В тумане плывет осенняя мокрая улица, сжатая с боков темными глыбами
строений. По черным булыжникам со скрежетом скользят копыта лошади, влекущей
пролетку. Забрав голову в воротник, торопится какой-то мещанин с влажным
багровым носом.
Во рту противная соленая сухость, словно Костя только что сосал медный
пятак.
- Господин студент, просим проследовать за нами.
И уже другое течение, мутное, с тошнотворными запахами, тянет Костю, и
он безвольно, как во сие, отдается ему.
Железные могучие ворота приоткрывают крошечный рот и втягивают Костю.
Каменно стоят два солдата с ружьями, и веет от них кладбищенским холодом.
Какая-то комната с желтыми голыми стенами и тремя столами. Голосом Кости,
его губами отвечает некто свою фамилию, свой возраст, учебное заведение.
- Приметы, - ледяно произносит жандармский офицер. - Рост два аршина
семь вершков. Волос черный прямой, глаза карие с подпалиной. Телосложение
жидкое. Особых примет не имеется.
Костю осматривают, обмеривают, а у него плетьми свисают руки, как у
отца, когда он лежал на столе... Потом его ведут по лестнице, открывается и
захлопывается дверь в камору...
Нет, лучше не вспоминать, не вспоминать, что он пережил тогда. В каморе
железная откидная кровать и железный столик, привинченные к стенам. От двери
до столика шагов пять, а сколько верст прошагал Костя!
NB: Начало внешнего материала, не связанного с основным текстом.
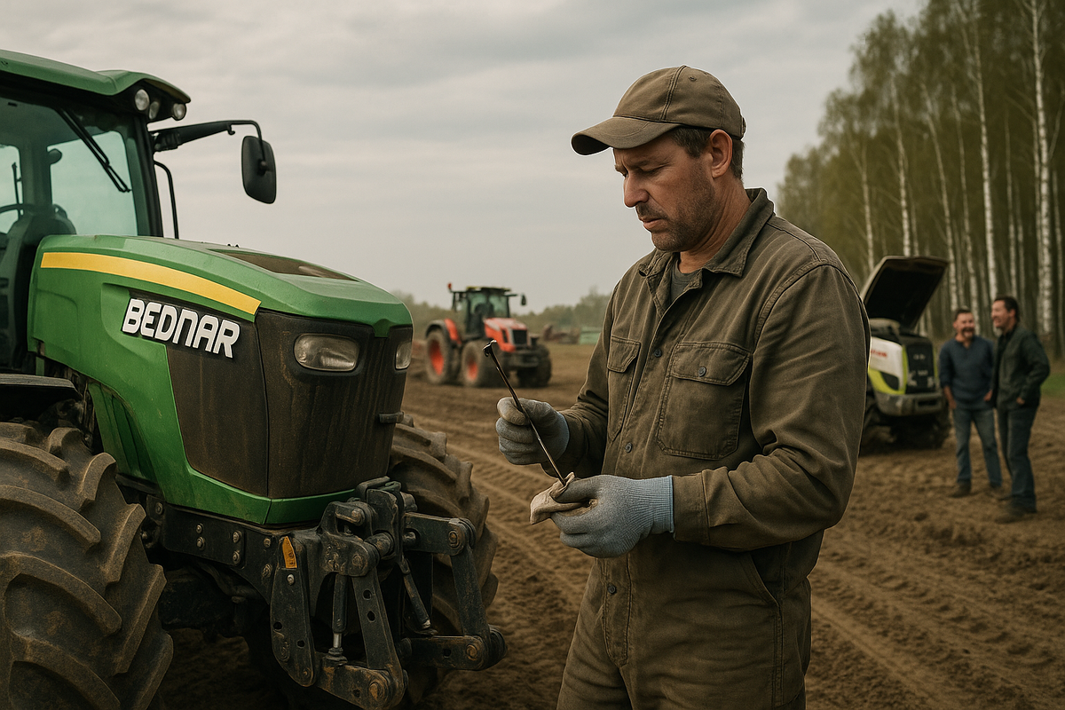 С утра всё шло спокойно, а потом началось. Нам предстояло подготовить поле для посевов, благо погода пока шепчет, хотя сюрпризов от неё я всегда жду. Соседи на другом поле уже вовсю гоняют технику, а у меня под капотом классика жанра — Беднар. Что поделать, я с ним столько прошёл огня и воды, что он уже как родной. Надёжный друг, но требует внимания. Обслуживаю аккуратно: фильтры продуваю, систему смазки обновляю. Спасибо подписчикам за новые перчатки: мелочь, а настроение поднимает.

В самом деле он не читал эту прокламацию, в самом деле не знает, как
она попала к нему! Высокие мысли, которые переживал он совсем недавно,
казались теперь диким бредом. Только из любопытства, только из-за того, что
польстило ему доверие товарищей, очутился он в этом подвале.
- Я шел... Какой-то человек подбежал и сунул эту бумажку ко мне за
пазуху, - лепетал Костя, стараясь протолкнуть острый железный комок,
зацепившийся в горле. - Было темно, я спешил. Забыл о ней...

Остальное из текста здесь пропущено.